The expected answer is every line from the material below that has the word "rouge".

#### Information
····················
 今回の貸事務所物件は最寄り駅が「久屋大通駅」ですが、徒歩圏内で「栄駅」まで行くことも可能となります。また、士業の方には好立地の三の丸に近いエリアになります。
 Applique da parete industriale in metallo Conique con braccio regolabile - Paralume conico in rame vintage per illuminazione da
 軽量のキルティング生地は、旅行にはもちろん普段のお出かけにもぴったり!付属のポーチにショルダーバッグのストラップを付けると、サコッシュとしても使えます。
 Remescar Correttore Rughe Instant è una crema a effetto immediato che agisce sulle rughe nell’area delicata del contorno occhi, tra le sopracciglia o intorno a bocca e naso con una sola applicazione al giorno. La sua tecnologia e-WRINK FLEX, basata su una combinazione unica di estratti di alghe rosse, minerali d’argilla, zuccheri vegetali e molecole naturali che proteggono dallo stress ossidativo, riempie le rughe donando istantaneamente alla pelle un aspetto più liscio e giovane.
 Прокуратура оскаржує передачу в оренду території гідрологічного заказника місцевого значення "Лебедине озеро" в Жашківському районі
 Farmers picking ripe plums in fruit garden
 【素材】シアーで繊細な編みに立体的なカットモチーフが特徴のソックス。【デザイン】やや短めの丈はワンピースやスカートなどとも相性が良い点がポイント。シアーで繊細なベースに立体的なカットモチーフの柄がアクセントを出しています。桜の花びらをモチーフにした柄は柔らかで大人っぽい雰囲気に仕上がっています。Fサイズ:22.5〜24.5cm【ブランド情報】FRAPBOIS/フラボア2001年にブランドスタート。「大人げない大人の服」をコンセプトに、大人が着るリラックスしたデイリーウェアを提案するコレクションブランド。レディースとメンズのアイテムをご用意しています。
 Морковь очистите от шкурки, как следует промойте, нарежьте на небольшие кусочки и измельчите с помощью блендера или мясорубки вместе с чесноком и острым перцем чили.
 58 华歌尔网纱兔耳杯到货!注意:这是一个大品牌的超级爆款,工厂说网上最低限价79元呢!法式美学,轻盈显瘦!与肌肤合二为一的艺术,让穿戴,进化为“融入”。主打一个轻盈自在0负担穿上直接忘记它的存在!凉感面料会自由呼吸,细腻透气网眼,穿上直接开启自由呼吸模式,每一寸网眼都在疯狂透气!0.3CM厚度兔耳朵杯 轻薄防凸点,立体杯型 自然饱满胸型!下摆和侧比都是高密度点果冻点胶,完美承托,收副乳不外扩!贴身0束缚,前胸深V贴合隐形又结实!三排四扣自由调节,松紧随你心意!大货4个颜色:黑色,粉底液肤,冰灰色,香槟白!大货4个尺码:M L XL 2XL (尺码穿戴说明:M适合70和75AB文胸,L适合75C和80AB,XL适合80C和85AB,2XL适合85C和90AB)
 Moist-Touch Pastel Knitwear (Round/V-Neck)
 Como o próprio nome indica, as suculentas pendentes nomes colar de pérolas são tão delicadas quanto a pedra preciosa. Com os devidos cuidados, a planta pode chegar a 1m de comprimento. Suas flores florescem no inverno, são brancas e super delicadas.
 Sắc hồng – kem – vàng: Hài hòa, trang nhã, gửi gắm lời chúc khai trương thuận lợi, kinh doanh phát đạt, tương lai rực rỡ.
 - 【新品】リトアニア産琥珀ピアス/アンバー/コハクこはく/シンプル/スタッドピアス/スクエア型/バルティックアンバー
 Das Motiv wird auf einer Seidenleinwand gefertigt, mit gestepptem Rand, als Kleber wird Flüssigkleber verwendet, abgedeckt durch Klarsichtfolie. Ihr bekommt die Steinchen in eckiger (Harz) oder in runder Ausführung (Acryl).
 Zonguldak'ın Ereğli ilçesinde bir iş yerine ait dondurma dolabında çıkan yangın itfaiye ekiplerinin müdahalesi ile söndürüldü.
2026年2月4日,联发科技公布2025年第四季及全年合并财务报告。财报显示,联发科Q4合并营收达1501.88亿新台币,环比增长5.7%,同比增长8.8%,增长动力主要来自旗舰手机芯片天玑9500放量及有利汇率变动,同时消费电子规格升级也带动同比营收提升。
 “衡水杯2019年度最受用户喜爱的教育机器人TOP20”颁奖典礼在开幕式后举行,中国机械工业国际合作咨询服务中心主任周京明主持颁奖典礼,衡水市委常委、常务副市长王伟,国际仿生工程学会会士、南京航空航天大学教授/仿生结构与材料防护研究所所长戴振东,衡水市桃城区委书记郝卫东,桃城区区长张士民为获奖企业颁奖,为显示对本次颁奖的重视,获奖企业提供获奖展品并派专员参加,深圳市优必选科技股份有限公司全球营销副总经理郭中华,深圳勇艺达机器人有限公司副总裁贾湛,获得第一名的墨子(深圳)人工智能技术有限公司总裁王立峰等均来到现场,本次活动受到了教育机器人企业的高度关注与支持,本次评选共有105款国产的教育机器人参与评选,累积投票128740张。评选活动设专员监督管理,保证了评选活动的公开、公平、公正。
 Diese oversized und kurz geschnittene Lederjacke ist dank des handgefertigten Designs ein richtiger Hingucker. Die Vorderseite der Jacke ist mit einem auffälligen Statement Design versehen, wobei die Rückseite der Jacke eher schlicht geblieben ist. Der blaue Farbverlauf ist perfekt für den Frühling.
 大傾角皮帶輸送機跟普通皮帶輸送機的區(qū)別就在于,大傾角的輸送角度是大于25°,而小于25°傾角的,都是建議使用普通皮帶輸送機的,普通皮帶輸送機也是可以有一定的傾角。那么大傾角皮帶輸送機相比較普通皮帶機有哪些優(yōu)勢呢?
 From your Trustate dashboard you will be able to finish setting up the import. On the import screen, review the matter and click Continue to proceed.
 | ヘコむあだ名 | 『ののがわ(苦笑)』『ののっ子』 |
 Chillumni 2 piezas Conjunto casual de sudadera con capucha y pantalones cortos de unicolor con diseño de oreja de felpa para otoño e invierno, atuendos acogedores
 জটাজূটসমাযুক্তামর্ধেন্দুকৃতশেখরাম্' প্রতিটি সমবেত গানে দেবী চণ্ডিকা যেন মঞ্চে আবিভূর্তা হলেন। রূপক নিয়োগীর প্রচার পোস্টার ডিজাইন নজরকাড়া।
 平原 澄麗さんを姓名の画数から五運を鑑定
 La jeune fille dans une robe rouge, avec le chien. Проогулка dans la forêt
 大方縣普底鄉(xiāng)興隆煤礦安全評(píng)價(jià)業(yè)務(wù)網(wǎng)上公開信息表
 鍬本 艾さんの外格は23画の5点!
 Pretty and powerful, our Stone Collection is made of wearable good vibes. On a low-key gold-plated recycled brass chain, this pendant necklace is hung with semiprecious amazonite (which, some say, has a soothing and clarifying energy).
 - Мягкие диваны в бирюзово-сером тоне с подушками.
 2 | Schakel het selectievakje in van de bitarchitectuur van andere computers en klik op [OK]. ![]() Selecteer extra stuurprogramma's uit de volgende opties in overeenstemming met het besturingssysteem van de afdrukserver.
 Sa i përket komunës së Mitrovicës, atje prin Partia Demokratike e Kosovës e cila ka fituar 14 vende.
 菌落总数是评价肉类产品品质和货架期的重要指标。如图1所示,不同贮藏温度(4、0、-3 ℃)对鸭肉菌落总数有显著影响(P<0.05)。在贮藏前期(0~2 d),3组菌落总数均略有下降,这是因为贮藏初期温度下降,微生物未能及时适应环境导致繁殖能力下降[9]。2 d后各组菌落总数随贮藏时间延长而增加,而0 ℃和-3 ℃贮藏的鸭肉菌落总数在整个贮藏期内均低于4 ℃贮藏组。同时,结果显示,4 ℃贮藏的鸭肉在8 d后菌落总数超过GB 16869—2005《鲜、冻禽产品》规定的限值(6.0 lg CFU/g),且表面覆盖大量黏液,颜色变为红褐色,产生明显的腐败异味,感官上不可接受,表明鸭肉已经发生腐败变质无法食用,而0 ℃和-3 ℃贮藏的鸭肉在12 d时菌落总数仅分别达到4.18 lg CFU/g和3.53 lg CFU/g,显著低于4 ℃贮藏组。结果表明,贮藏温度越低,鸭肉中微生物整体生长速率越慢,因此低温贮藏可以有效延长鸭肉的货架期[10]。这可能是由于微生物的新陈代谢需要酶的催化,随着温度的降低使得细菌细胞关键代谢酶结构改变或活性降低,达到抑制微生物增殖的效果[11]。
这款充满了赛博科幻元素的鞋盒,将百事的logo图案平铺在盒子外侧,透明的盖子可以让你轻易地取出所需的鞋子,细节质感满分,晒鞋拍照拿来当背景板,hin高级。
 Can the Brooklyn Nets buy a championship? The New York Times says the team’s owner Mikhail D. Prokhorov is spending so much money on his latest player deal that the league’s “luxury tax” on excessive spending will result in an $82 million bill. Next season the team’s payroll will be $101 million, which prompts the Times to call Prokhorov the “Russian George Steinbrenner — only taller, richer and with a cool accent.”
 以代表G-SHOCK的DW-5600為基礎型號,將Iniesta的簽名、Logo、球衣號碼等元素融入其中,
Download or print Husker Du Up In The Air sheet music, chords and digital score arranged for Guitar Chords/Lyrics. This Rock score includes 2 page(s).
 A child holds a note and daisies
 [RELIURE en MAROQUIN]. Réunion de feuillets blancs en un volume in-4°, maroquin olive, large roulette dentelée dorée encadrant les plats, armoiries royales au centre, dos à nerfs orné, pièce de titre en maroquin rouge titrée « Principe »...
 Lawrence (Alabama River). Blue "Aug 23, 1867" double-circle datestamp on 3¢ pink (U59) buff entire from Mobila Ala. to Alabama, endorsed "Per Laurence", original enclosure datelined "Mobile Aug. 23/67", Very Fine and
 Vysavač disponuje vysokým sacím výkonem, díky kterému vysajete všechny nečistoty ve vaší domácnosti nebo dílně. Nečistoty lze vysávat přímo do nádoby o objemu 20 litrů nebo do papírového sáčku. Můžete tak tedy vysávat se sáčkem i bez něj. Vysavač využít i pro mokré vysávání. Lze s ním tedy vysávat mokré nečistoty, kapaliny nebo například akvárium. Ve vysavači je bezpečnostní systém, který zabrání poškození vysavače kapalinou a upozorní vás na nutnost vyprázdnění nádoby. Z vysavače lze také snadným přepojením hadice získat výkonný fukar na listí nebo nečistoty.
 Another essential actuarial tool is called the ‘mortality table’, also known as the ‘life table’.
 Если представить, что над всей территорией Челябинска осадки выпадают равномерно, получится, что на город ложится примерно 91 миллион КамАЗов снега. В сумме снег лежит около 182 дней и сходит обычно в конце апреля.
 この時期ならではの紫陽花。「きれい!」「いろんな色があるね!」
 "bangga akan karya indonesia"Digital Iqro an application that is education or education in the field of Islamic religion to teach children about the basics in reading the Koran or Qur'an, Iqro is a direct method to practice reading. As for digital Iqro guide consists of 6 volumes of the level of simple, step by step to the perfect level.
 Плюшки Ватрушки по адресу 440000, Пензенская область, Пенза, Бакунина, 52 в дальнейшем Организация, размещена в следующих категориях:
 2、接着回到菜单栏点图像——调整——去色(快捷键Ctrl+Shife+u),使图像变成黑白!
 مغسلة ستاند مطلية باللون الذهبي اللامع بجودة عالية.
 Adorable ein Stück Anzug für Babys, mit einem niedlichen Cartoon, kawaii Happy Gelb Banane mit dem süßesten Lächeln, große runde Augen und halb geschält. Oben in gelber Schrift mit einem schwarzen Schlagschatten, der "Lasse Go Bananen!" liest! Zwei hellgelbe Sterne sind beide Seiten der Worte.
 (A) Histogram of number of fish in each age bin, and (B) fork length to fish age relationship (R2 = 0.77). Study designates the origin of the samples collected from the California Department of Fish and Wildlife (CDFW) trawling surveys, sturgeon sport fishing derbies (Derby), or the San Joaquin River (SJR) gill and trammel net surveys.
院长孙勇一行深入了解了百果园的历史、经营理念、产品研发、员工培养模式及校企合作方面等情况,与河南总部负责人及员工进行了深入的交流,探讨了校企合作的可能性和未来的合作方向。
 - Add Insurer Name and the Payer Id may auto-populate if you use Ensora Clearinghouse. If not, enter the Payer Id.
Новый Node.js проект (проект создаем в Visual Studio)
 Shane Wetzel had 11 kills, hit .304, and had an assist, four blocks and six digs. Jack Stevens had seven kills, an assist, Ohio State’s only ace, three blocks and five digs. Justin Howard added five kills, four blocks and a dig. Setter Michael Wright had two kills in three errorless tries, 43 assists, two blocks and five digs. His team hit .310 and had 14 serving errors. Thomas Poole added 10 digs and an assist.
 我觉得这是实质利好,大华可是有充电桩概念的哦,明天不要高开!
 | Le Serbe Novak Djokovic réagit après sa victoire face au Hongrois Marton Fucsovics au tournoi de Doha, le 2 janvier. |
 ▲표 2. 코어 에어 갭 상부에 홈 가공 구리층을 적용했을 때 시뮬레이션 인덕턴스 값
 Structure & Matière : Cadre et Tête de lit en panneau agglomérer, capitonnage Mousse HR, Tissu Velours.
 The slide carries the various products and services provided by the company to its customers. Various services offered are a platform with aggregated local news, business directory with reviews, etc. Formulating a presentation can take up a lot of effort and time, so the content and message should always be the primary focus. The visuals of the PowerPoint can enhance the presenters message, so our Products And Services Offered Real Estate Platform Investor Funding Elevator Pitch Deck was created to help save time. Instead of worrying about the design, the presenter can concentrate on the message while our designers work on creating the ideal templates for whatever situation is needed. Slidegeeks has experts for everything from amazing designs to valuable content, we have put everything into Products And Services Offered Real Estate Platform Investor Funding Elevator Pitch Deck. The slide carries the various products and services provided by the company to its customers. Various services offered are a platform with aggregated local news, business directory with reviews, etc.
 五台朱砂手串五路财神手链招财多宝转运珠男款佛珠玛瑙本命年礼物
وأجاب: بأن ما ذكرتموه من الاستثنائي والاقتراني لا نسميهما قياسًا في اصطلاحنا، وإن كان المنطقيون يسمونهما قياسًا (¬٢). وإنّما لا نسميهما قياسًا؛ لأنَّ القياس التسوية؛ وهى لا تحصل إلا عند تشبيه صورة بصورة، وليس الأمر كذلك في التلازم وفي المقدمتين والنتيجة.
····················
#### Answer section
 La jeune fille dans une robe rouge, avec le chien. Проогулка dans la forêt
 [RELIURE en MAROQUIN]. Réunion de feuillets blancs en un volume in-4°, maroquin olive, large roulette dentelée dorée encadrant les plats, armoiries royales au centre, dos à nerfs orné, pièce de titre en maroquin rouge titrée « Principe »...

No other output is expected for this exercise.